Closed maleadt closed 4 years ago

maleadt commented 5 years ago

Users seem to expect Adapt to work recursively, e.g. https://discourse.julialang.org/t/using-vectors-of-vectors-with-cuarrays/, to adapt arrays of arrays:

julia> vx
3-element Array{Array{Float64,1},1}

julia> cu(vx)
ERROR: type does not have a fixed size
# this should be a better error

julia> cu(cu.(vx))
3-element CuArray{CuArray{Float32,1},1}

Since we do already treat tuples recursively, e.g. cu(([1],)) yields a tuple of CuArray, maybe we should also peek into arrays?

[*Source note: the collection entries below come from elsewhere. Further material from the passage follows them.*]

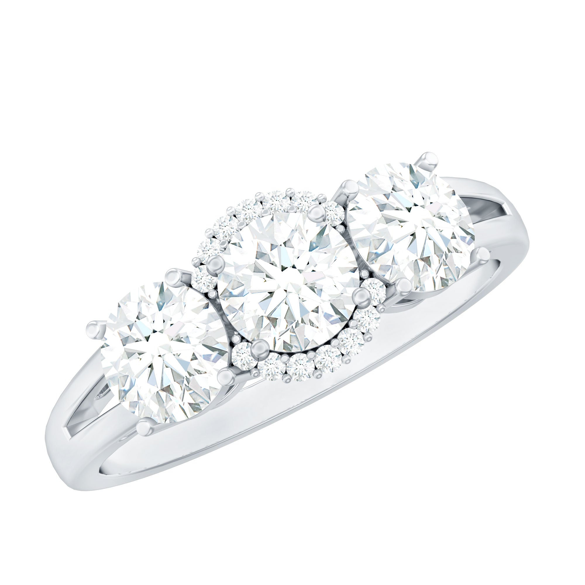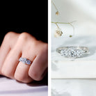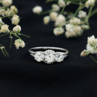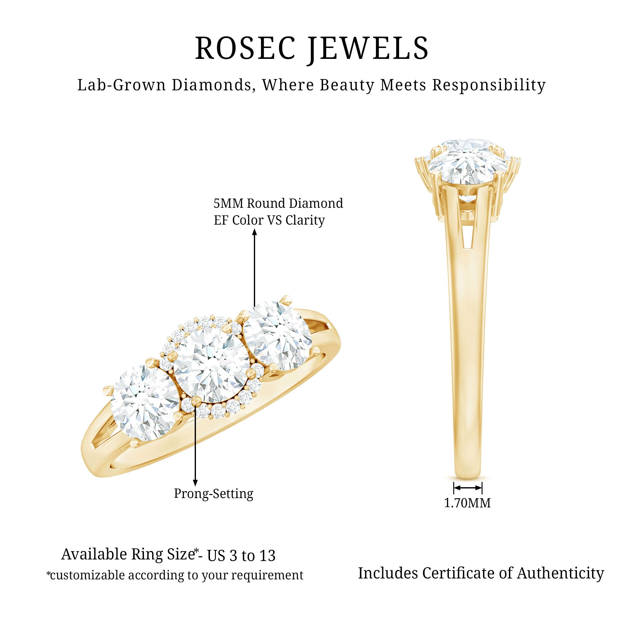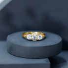 Step into the glamour of diamonds with this stunning Past Present and Future Ring, designed to make you the center of attention. This 3 Stone Engagement Ring features three dazzling round cut 5 MM lab grown diamonds set in safe prong setting, flanked by smaller stones that are equally radiant. The split shank is made of plain metal, adding a touch of sophistication and ensuring smooth wear. If you are looking for a Diamond Engagement Ring that embodies romance, strength, and everlasting love, this is the perfect choice. It is not just a ring; it is a statement representing love that is rare, beautiful, and timeless.
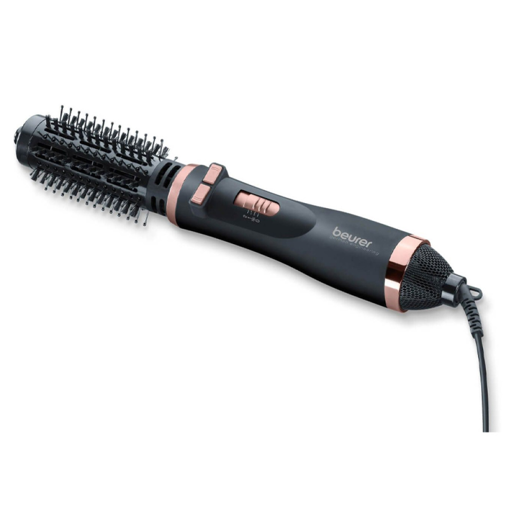 Beurer HT 80 — ротаційний фен-щітка для швидкого створення об'єму, гладких або хвилястих укладок. Автоматичне обертання насадки значно спрощує укладку навіть довгого волосся. Керамічне покриття та інтегрована іонізація захищають волосся від перегріву та надають йому здорового блиску, а два режими нагріву, два режими подачі повітря та холодний обдув дозволяють зафіксувати зачіску.
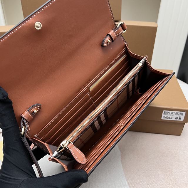 Vintage 格紋拼皮革錢夾(含可拆式背帶)➰【B‧家】原版品質~~本品可作為小型手袋單獨使用,或作為錢夾收置於日常手袋內。專櫃品質、做工精細實物拍攝,80492481棕色,尺寸20.5cm*12cm*3cm號碼a031210
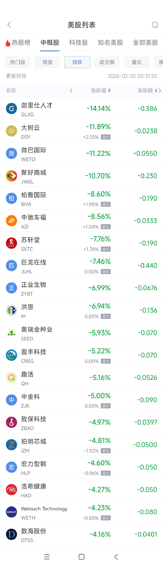 领跌中概股列表:
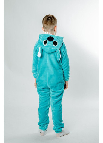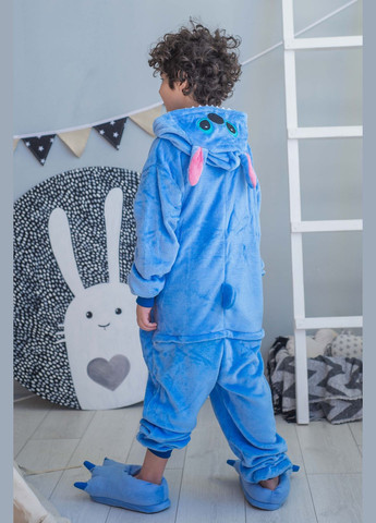 Уютное кигуруми в образе любимого персонажа Стича станет отличным выбором для дома или утренника. Модель выполнена из мягкого плюша, приятного на ощупь и хорошо сохраняющего тепло. Капюшон украшен вышитыми чертами лица, длинными ушками и носиком. Спереди застёгивается на кнопки. Имеются две боковые накладные карманы. Манжеты на рукавах и брюках — на резинке. На спинке — мягкий хвостик.
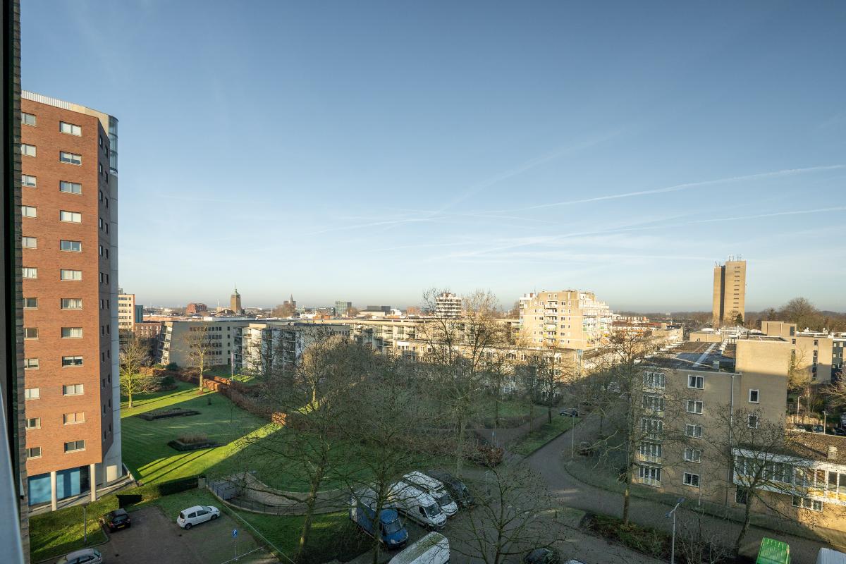 Met dit appartement gaat het bekende gezegde “Noord, oost, zuid, west, thuis best” echt op. Je kijkt namelijk niet alleen over de skyline van Enschede, je profiteert ook volop van alle stadsvoorzieningen die zich letterlijk onder je afspelen. ‘Thuis best’ is daarnaast natuurlijk ook de plek waar je even uit de drukte van de stad kunt ontsnappen en tot rust komt. Of je nu de zon opzoekt op het zuiden of liever beschut zit op het noorden, met drie balkons heb je altijd een perfecte plek om rustig buiten te zitten. Binnen vormt de lichte woonkamer het hart van dit ruime appartement met twee slaapkamers, een kantoorkamer, dichte keuken en badkamer. Zie jij jezelf hier al wonen, werken, ontspannen en tegelijkertijd genieten van het bruisende Enschede?
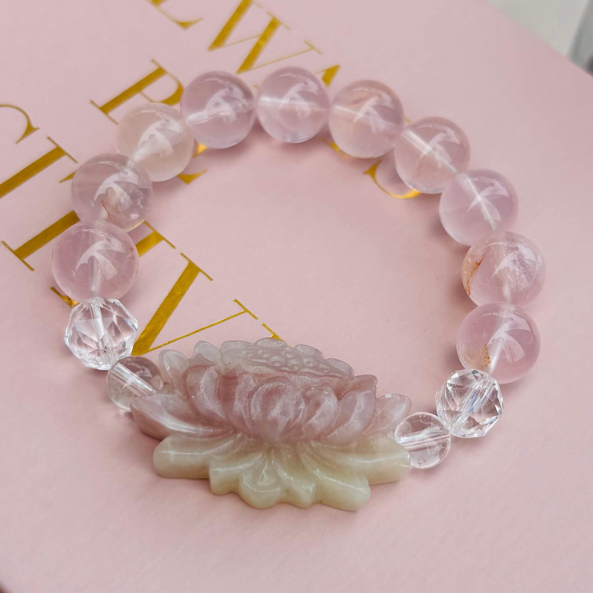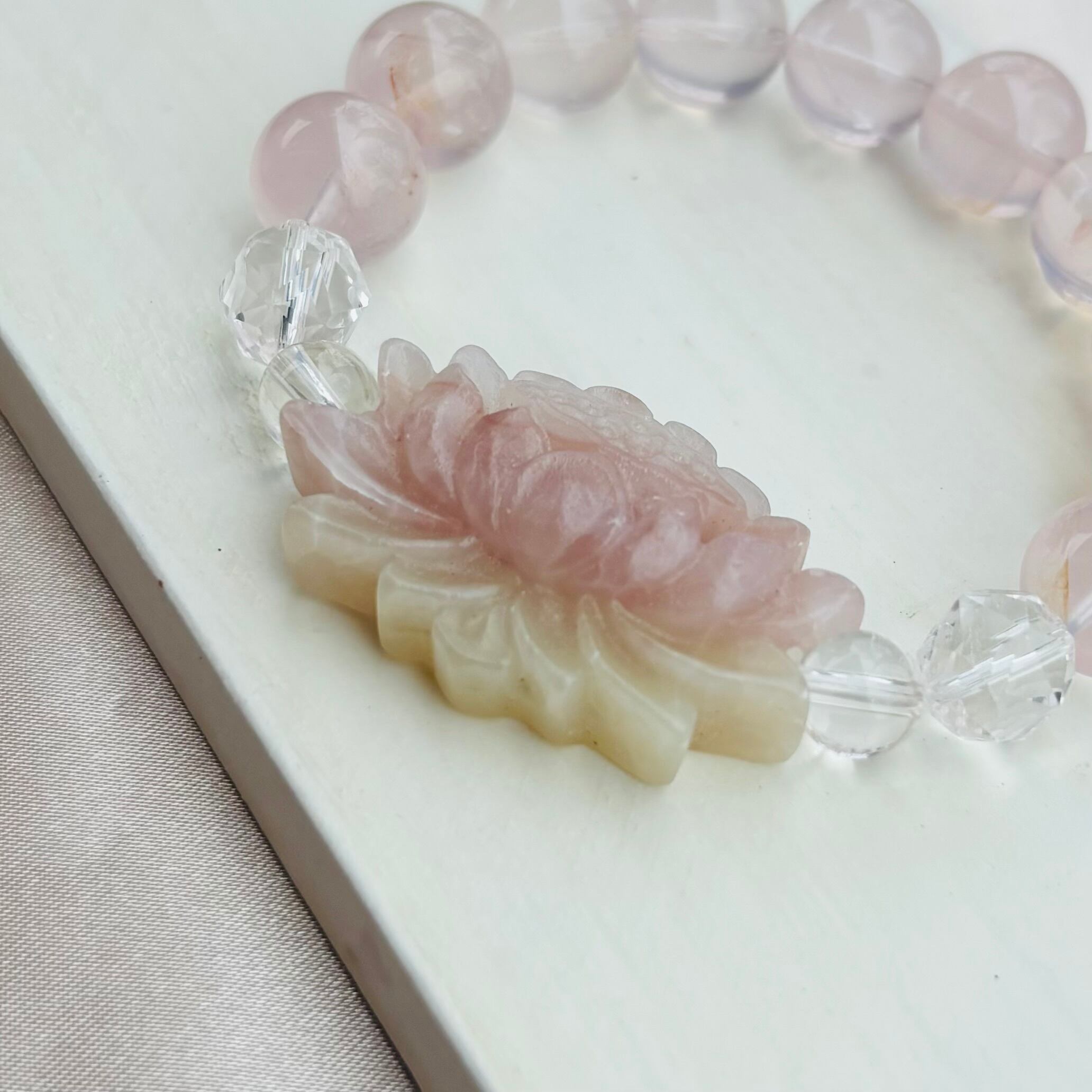 【恋愛成就】ピンクオパール蓮の花とスターローズクォーツ 天然石ブレスレット
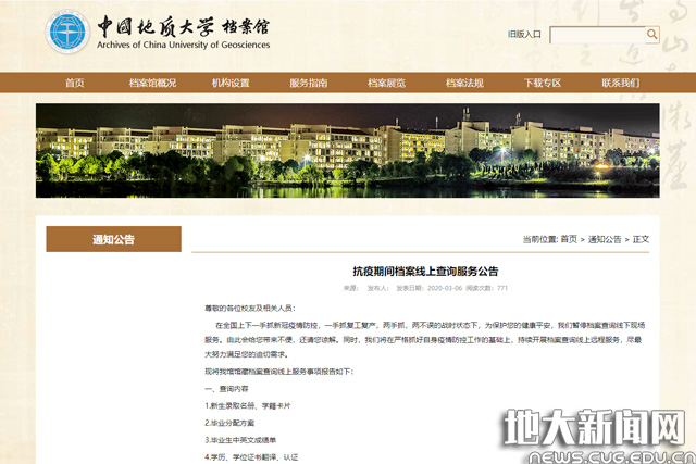 地大新闻网(通讯员张浩 刘欣)新冠病毒肺炎疫情发生以来,档案馆高度重视疫情防控工作,提高政治站位,切实把思想和行动统一到习近平总书记重要指示精神和党中央、国务院部署上来,贯彻落实教育部“停课不停教、停课不停学”的决策部署,按照学校党委疫情防控的总体部署,坚守抗疫一线,创新探索线上档案服务,启动抗疫档案征集工作,记录战“疫”实况,强化地大担当。
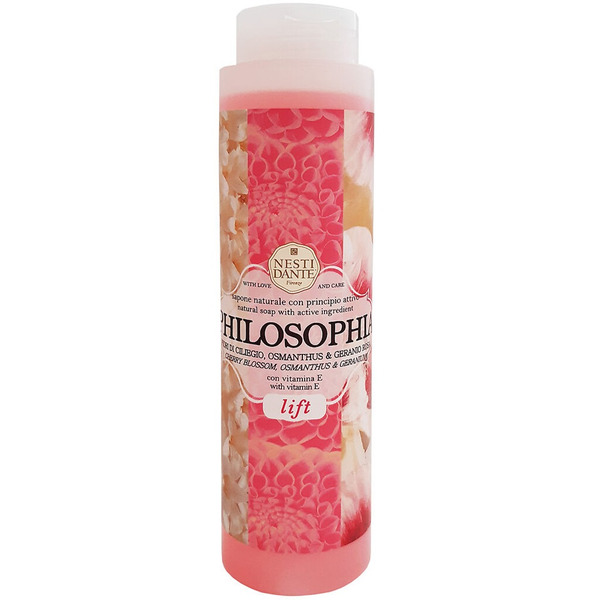 Гель Нести Данте (Nesti Dante) Философия Лифтинг для душа. Роскошный гель для душа "Philosophia. Лифтинг" с комплексом витаминов А и Е омолаживает, подтягивает и разглаживает кожу. Насыщенный аромат цветов вишни и розовой герани наполнит душу радостными воспоминаниями и пробудит чувства. Витамины А и Е, экстракт розовой герани, подарят вам расслабляющий отдых во время принятия душа и помогут коже восстановить силы после долгого дня. Входящие в состав витамины A и E укрепляют кожу, повышают упругость и эластичность, сохраняя ее молодость и красоту. Кожа остается гладкой и шелковистой. Подходит для ежедневного использования для всех типов кожи.
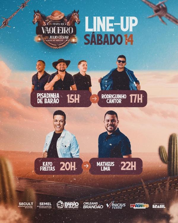 A programação musical deste sábado conta com atrações que prometem animar o público até altas horas, com apresentações de Pisadinha de Barão, Rodriguinho Cantor, Kayo Freitas e Matheus Lima. No domingo programação conta com atrações de peso: Banda Sedução, Flávio Maranhão, Rey Vaqueiro, Cláudio Ney e Juliana, prometendo um repertório diversificado, com muito forró, vaquejada e romantismo.
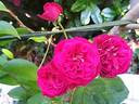 Hybrid Tea.  Carmine-red.  Musk fragrance.  Large, full (26-40 petals), in small clusters, cupped bloom form.  Blooms in flushes throughout the season.  Height of 31" to 35" (80 to 90 cm).   Francois Dorieux II (1955-2015) (2015).
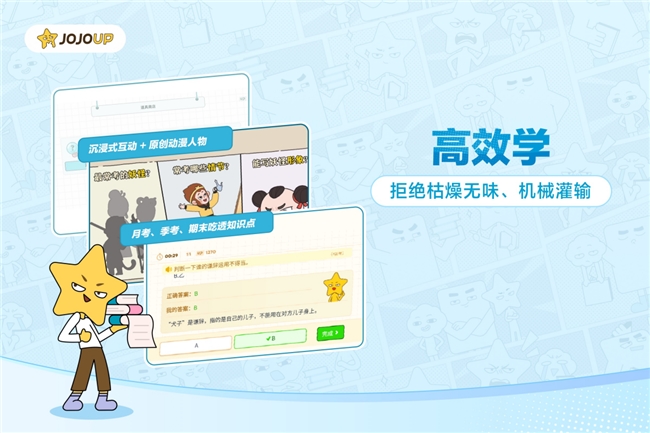 内容研发层面,JOJOUP更组建了由中学教育专家、人民日报签约作家董腾担纲主创,集结数十位一线资深教研专家及教育心理学专家等的专业团队,确保内容兼具专业性与适配性。
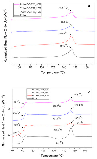 The addition of GO and mainly TiO2, which is in much higher amount compared with GO, nanoparticles affects also thermal properties of PLLA. As can be seen from Figure 4a PLLA is a semicrystalline material with melting point at 154.3 °C while the addition of nanoparticles causes a small reduction in melting point (about 1°C). This reduction seems not to be affected from the addition of TiO2 amount. The same behaviour is observed in nanocomposites after quenching, in which the malting point is recorded at about 152–153 °C (Figure 4b).
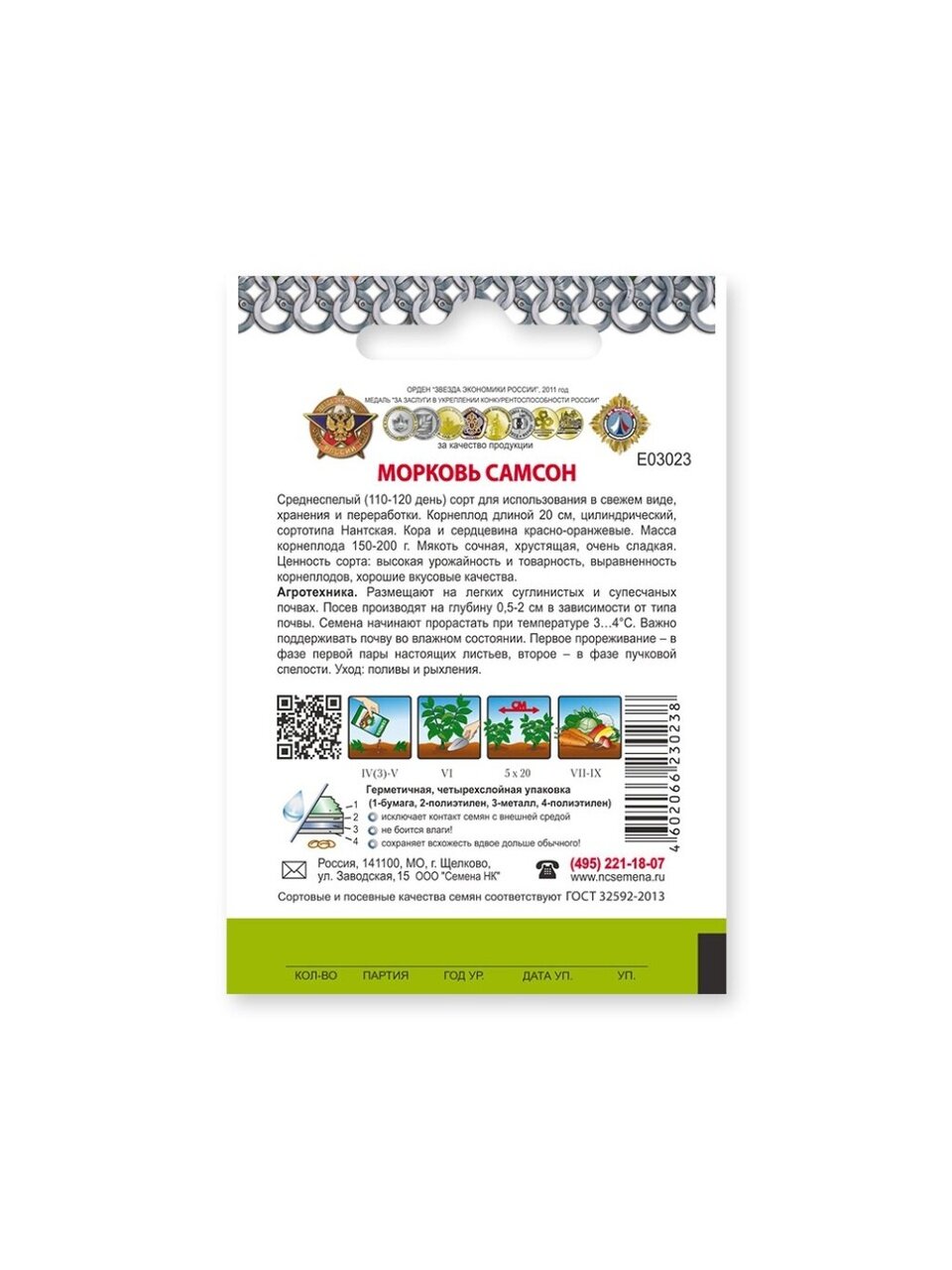 - Качественная цветная упаковка: обеспечивает надежную сохранность семян.
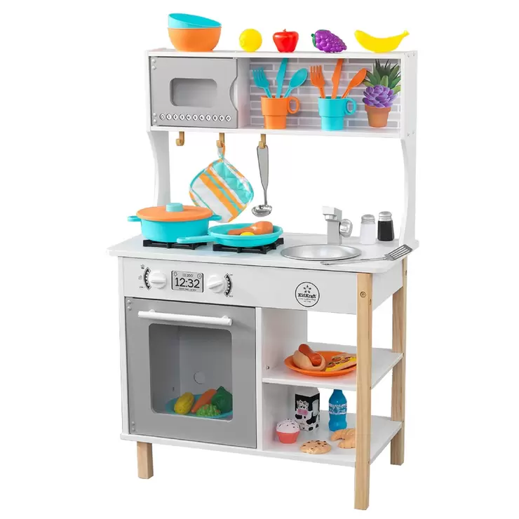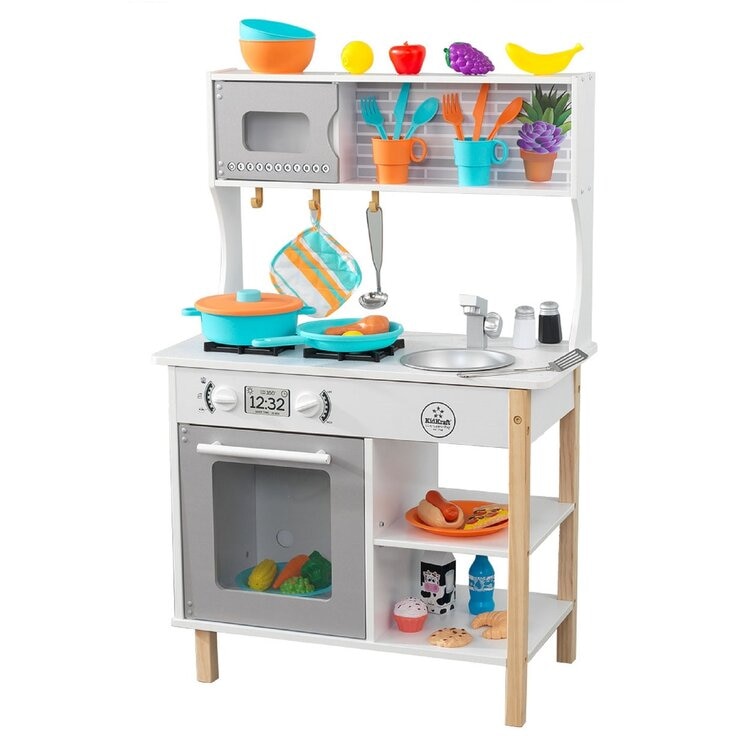 シンプルでたくさんの食器類が付いているキッチンセットに子どもたちは夢中になること間違いなし!
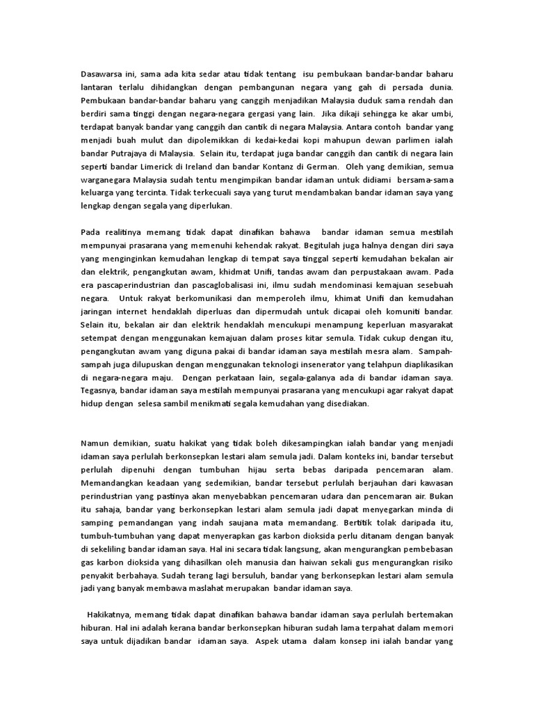 Related : Karangan Kepentingan Bandar Pintar Malaysia - Karangan ini tidak dibetulkan selepas disemak jadi kemungkinan terdapat beberapa kesalahan lewah dan kesalahan tatabahasa..

It gets hairy real quickly though, so maybe just support arrays of arrays?

Thoughts? @vchuravy @MikeInnes

MikeInnes commented 5 years ago

There are two quite different cases that come up here: (1), you want to move all the arrays in a collection / data structure to the GPU, and (2) you want to move the "whole object" to the GPU (as in your example).

(1) is likely what the users in that thread want, since you typically create a series of (flat) GPU arrays as data points in Flux, and iterate over them on the CPU (i.e. Vector{CuVector{Float32}}. That's also what we provide mapleaves(cu, x) for, so that seems like it's covered.

I think cu should stick to working with the "single object" interpretation, (2), which in this case means producing the nested CuArray as you describe or otherwise erroring out. My main reservation is that it might be confusing or slow for people who actually want (1) (which IME so far is 100% of the time).

Tuples are a bit weird, but I'd argue that Tuple{CuArray} can be interpreted both as (1) "cpu tuple of gpu arrays" and (2) "gpu tuple of arrays", which makes it legitimate that both cu and mapleaves(cu) do the same thing in that case. In other cases – like arrays of arrays – they won't behave the same.

maleadt commented 4 years ago

Right, I didn't realize Flux/users wanted Array{CuArray} so was only considering the case where you'd get an CuArray{CuArray}. In that case, the existing mapleaves abstraction seems fine. Having cu do that automatically seems confusing to me, because e.g. the behavior of adapting a container would then depend on the adaptability of its elements. I'll open an issue on CuArrays to improve the error message.